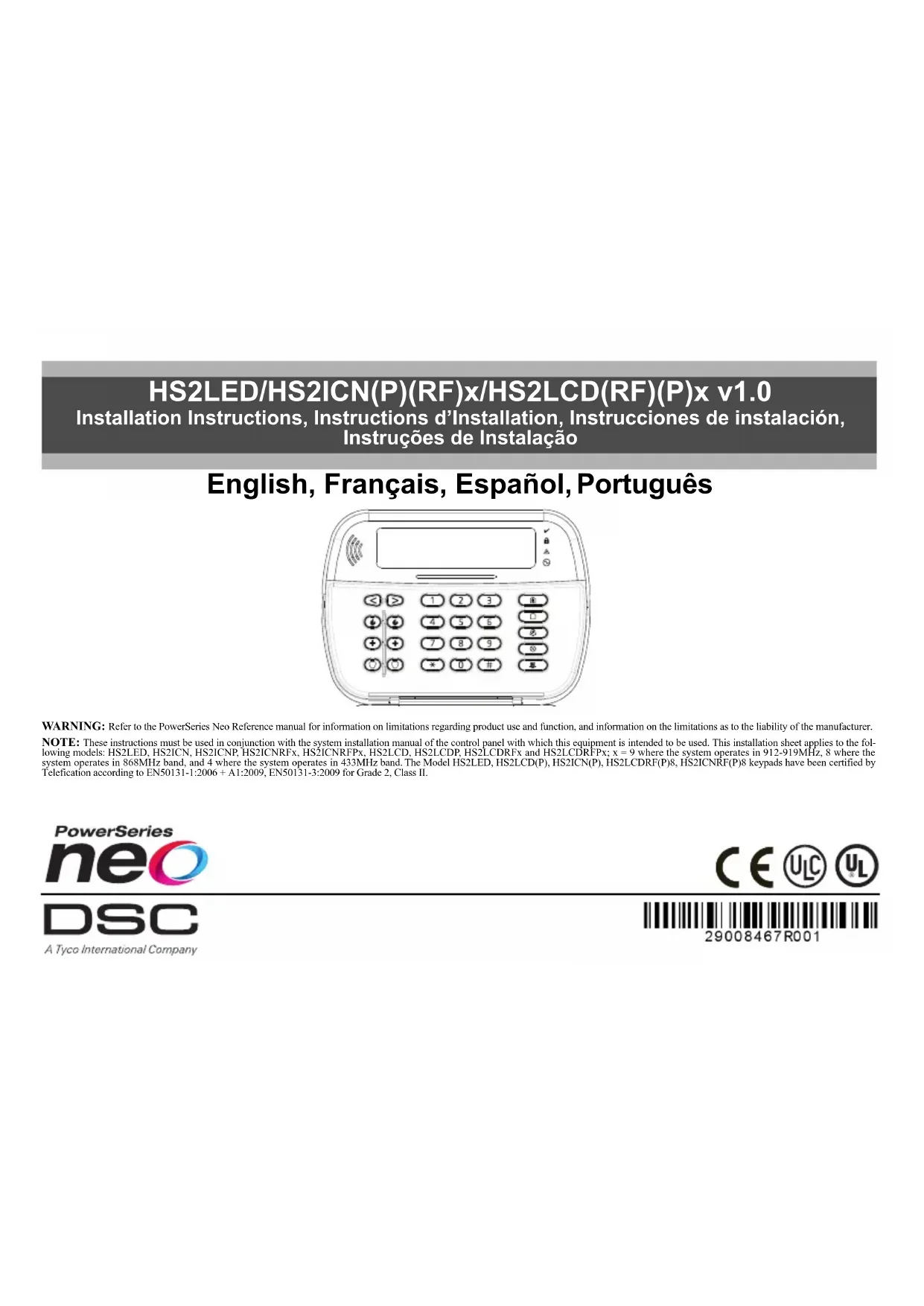 English, Français, Español, Português WARNING: Refer to the PowerSeries Neo Reference manual for information on limitations regarding product use and function, and information on the limitations as to the liability of the manufacturer. NOTE: These instructions must be used in conjunction with the system installation manual of the control panel with which this equipment is intended to be used. This installation sheet applies to the fol- lowing models: HS2LED, HS2ICN, HS2ICNP, HS2ICNRFx, HS2ICNRFPx, HS2LCD, HS2LCDP, HS2LCDRFx and HS2LCDRFPx; x = 9 where the system operates in 912-919MHz, 8 where the system operates in 868MHz band, and 4 where the system operates in 433MHz band. The Model HS2LED, HS2LCD(P), HS2ICN(P), HS2LCDRF(P)8, HS2ICNRF(P)8 keypads have been certified by Telefication according to EN50131-1:2006 + A1:2009, EN50131-3:2009 for Grade 2, Class II. HS2LED/HS2ICN(P)(RF)x/HS2LCD(RF)(P)x v1.0 Installation Instructions, Instructions d’Installation, Instrucciones de instalación, Instruções de InstalaçãoThe HS2LED/HS2ICN(P)(RF)x/HS2LCD(RF)(P)x keypads are compatible with the PowerSeries Neo HS2016/32/64, HS2014- 4* and HS2128 panels. The RF keypads combine a wireless transceiver with the respective HS2 keypad.
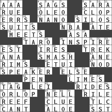 ACROSS 1. American Automobile Association (abbr.) 4. Droops 8. "Two Mules for Sister ____" 12. Regret 13. Margarine 14. Hoof sound 15. Blunders 17. Billionth: prefix 18. Grain storage towers 19. Costumes for special activities 21. Basketball assoc. 23. Had dinner 24. Confronts 26. White ___ sheet 28. Edible starchy tuberous root 30. Stimulate to action 34. Eastern Standard Time (abbr.) 37. Angers 39. Long journey 40. Santa ___, CA 41. Box-office sellout 43. One (Scot) 44. Basketball hoops 46. Needle holder 47. Lower and raise head in agreement 48. Orator 51. Otherwise 54. Animal enclosure 55. Citrus fruits 58. Label 61. Luau accessory 63. Amusement-park features 65. Fourth or lowest deck 67. 1994 drama film starring Jodie Foster 71. Cause heat under the collar 72. Coral collection 73. A slight indication 74. Affectionate concern, for short 75. Patter 76. Medicinal plant 77. Fast jet (abbr.) DOWN 1. Ancient Greek god of war 2. Gold (Symbol: Au) 3. Nest on high 4. Boy, to dad 5. In the manner of 6. Commissioned military rank (abbr.) 7. Within a short period 8. _-fi 9. Silent film actress Nazimova 10. Carrot, for example 11. Domed church section 16. Proofreading order 18. Backtalk 20. R.R. building 22. Prohibit 25. Indian titles of respect 27. Fitting 29. Channel Islands abalone 30. Come out of 31. SW Asia republic 32. Western Nevada city 33. Supplemented with great effort 34. Hearing organs 35. Sever or remove by pinching or nipping 36. Not wild 38. Ingest 42. Land elevation 45. Plant excrement 49. Seaweed 50. Compass dir. 52. Title for a knight 53. Arab leader 56. Proofreads 57. Exchanges for money 58. Torque (variant) 59. Type of rug 60. Small, secluded valley 62. South American Indian 64. Religious group 66. Often (poetically) 68. Pipe bend 69. Nilotic language 70. Area sheltered from the wind
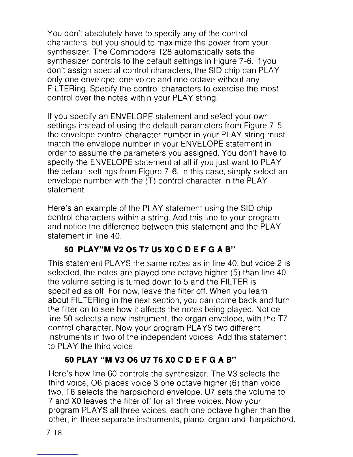 synthesizer. The Commodore 128 automatically sets the
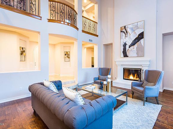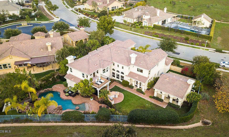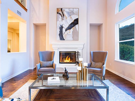 Your own private paradise...perfect blend of an Entertainers dream & functional family floorplan. Nestled among the hillside backing tranquil open space, this luxurious 5BD + office 6BA with detached casita pool home in Dos Vientos Ranch offers spectacular mountain views & over 5,000 sq.ft. of living space. The inviting entry way welcomes you to an elegant living room w/inlaid fireplace & soaring high ceilings, formal dining room, distressed hardwood & travertine floors, custom fresh paint, upstairs laundry room, downstairs bedroom/office & bath, bonus room, oversized 3 car garage & detached casita with private bath/kitchenette. Gourmet kitchen boasts spacious new quartz counters, updated backsplash & pendant lights, freshly stained cabinetry, walk-in pantry, stainless steel appliances & opens to the family room w/cozy fireplace & built-in entertainment center. Master suite offers an incredible private retreat with walk-in closet, large master bath w/granite counters, dual vanity sinks, oversized shower & jetted tub, & a balcony view deck perfect for enjoying the glorious sunsets. Entertain out on the resort style backyard with Saline pool/spa w/beach entry & water slide, built-in BBQ island/bar w/outdoor fridge, firepit, turf putting green & play court.
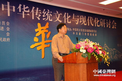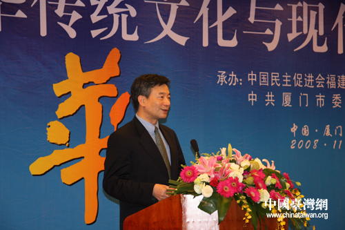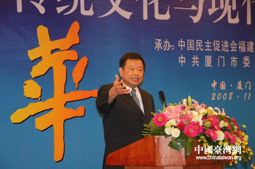 国民党中常委、中华两岸文化经济协会理事长廖万隆在闭幕式上致辞。他以国民党中央委员会的名义和厦门市荣誉市民的身份,向与会的两岸专家学者表示敬意和欢迎。他从300年前祖先从漳州到台湾讨生活、300年后自己从台湾来厦门开创事业的历史谈起,激动地表示,中华民族几千年流传下来的文化伦理是中华民族实现现代化的精神动力。传统文化要和现代化结合起来,使两岸共享经济繁荣成果,社会族群和谐。
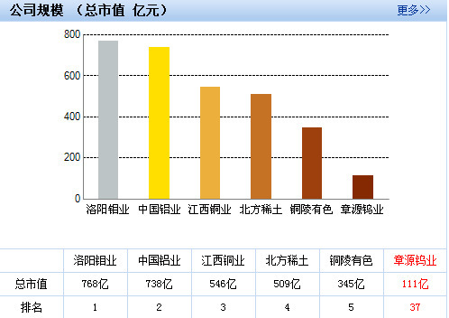 章源钨业目前总市值111亿,在有色企业中算是非常小的,盘小好啊!
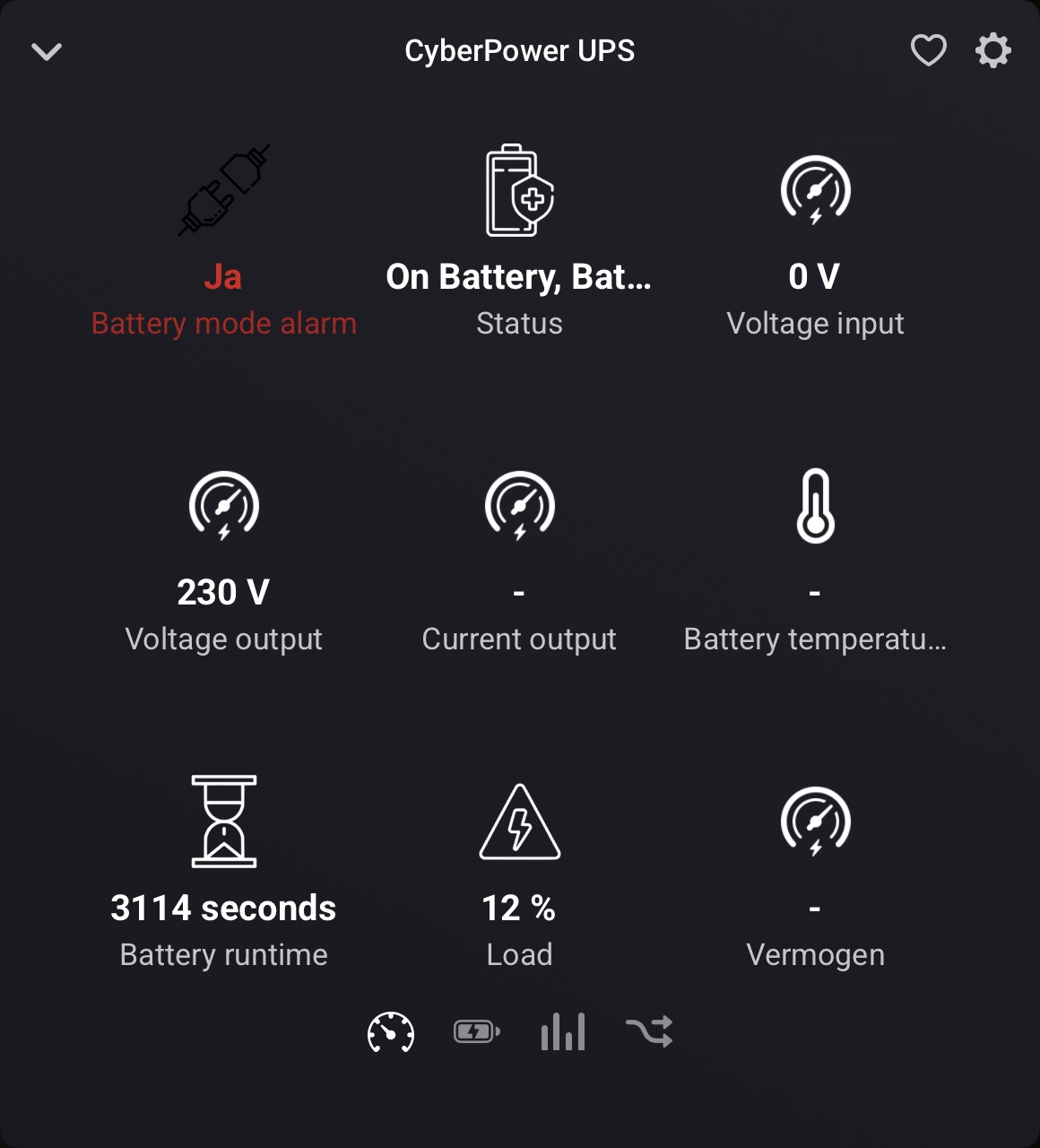 My APC Smart-UPS 1000 is only showing Battery %, Battery mode alarm, Status and Battery runtime.

◆ ◆ ◆ ◆ ◆

* **Task**:
The material must be returned exactly, with its pictures omitted.

* **Solution**:
 English, Français, Español, Português WARNING: Refer to the PowerSeries Neo Reference manual for information on limitations regarding product use and function, and information on the limitations as to the liability of the manufacturer. NOTE: These instructions must be used in conjunction with the system installation manual of the control panel with which this equipment is intended to be used. This installation sheet applies to the fol- lowing models: HS2LED, HS2ICN, HS2ICNP, HS2ICNRFx, HS2ICNRFPx, HS2LCD, HS2LCDP, HS2LCDRFx and HS2LCDRFPx; x = 9 where the system operates in 912-919MHz, 8 where the system operates in 868MHz band, and 4 where the system operates in 433MHz band. The Model HS2LED, HS2LCD(P), HS2ICN(P), HS2LCDRF(P)8, HS2ICNRF(P)8 keypads have been certified by Telefication according to EN50131-1:2006 + A1:2009, EN50131-3:2009 for Grade 2, Class II. HS2LED/HS2ICN(P)(RF)x/HS2LCD(RF)(P)x v1.0 Installation Instructions, Instructions d’Installation, Instrucciones de instalación, Instruções de InstalaçãoThe HS2LED/HS2ICN(P)(RF)x/HS2LCD(RF)(P)x keypads are compatible with the PowerSeries Neo HS2016/32/64, HS2014- 4* and HS2128 panels. The RF keypads combine a wireless transceiver with the respective HS2 keypad.
 ACROSS 1. American Automobile Association (abbr.) 4. Droops 8. "Two Mules for Sister ____" 12. Regret 13. Margarine 14. Hoof sound 15. Blunders 17. Billionth: prefix 18. Grain storage towers 19. Costumes for special activities 21. Basketball assoc. 23. Had dinner 24. Confronts 26. White ___ sheet 28. Edible starchy tuberous root 30. Stimulate to action 34. Eastern Standard Time (abbr.) 37. Angers 39. Long journey 40. Santa ___, CA 41. Box-office sellout 43. One (Scot) 44. Basketball hoops 46. Needle holder 47. Lower and raise head in agreement 48. Orator 51. Otherwise 54. Animal enclosure 55. Citrus fruits 58. Label 61. Luau accessory 63. Amusement-park features 65. Fourth or lowest deck 67. 1994 drama film starring Jodie Foster 71. Cause heat under the collar 72. Coral collection 73. A slight indication 74. Affectionate concern, for short 75. Patter 76. Medicinal plant 77. Fast jet (abbr.) DOWN 1. Ancient Greek god of war 2. Gold (Symbol: Au) 3. Nest on high 4. Boy, to dad 5. In the manner of 6. Commissioned military rank (abbr.) 7. Within a short period 8. _-fi 9. Silent film actress Nazimova 10. Carrot, for example 11. Domed church section 16. Proofreading order 18. Backtalk 20. R.R. building 22. Prohibit 25. Indian titles of respect 27. Fitting 29. Channel Islands abalone 30. Come out of 31. SW Asia republic 32. Western Nevada city 33. Supplemented with great effort 34. Hearing organs 35. Sever or remove by pinching or nipping 36. Not wild 38. Ingest 42. Land elevation 45. Plant excrement 49. Seaweed 50. Compass dir. 52. Title for a knight 53. Arab leader 56. Proofreads 57. Exchanges for money 58. Torque (variant) 59. Type of rug 60. Small, secluded valley 62. South American Indian 64. Religious group 66. Often (poetically) 68. Pipe bend 69. Nilotic language 70. Area sheltered from the wind
 synthesizer. The Commodore 128 automatically sets the
 Your own private paradise...perfect blend of an Entertainers dream & functional family floorplan. Nestled among the hillside backing tranquil open space, this luxurious 5BD + office 6BA with detached casita pool home in Dos Vientos Ranch offers spectacular mountain views & over 5,000 sq.ft. of living space. The inviting entry way welcomes you to an elegant living room w/inlaid fireplace & soaring high ceilings, formal dining room, distressed hardwood & travertine floors, custom fresh paint, upstairs laundry room, downstairs bedroom/office & bath, bonus room, oversized 3 car garage & detached casita with private bath/kitchenette. Gourmet kitchen boasts spacious new quartz counters, updated backsplash & pendant lights, freshly stained cabinetry, walk-in pantry, stainless steel appliances & opens to the family room w/cozy fireplace & built-in entertainment center. Master suite offers an incredible private retreat with walk-in closet, large master bath w/granite counters, dual vanity sinks, oversized shower & jetted tub, & a balcony view deck perfect for enjoying the glorious sunsets. Entertain out on the resort style backyard with Saline pool/spa w/beach entry & water slide, built-in BBQ island/bar w/outdoor fridge, firepit, turf putting green & play court.
 国民党中常委、中华两岸文化经济协会理事长廖万隆在闭幕式上致辞。他以国民党中央委员会的名义和厦门市荣誉市民的身份,向与会的两岸专家学者表示敬意和欢迎。他从300年前祖先从漳州到台湾讨生活、300年后自己从台湾来厦门开创事业的历史谈起,激动地表示,中华民族几千年流传下来的文化伦理是中华民族实现现代化的精神动力。传统文化要和现代化结合起来,使两岸共享经济繁荣成果,社会族群和谐。
 章源钨业目前总市值111亿,在有色企业中算是非常小的,盘小好啊!
 My APC Smart-UPS 1000 is only showing Battery %, Battery mode alarm, Status and Battery runtime.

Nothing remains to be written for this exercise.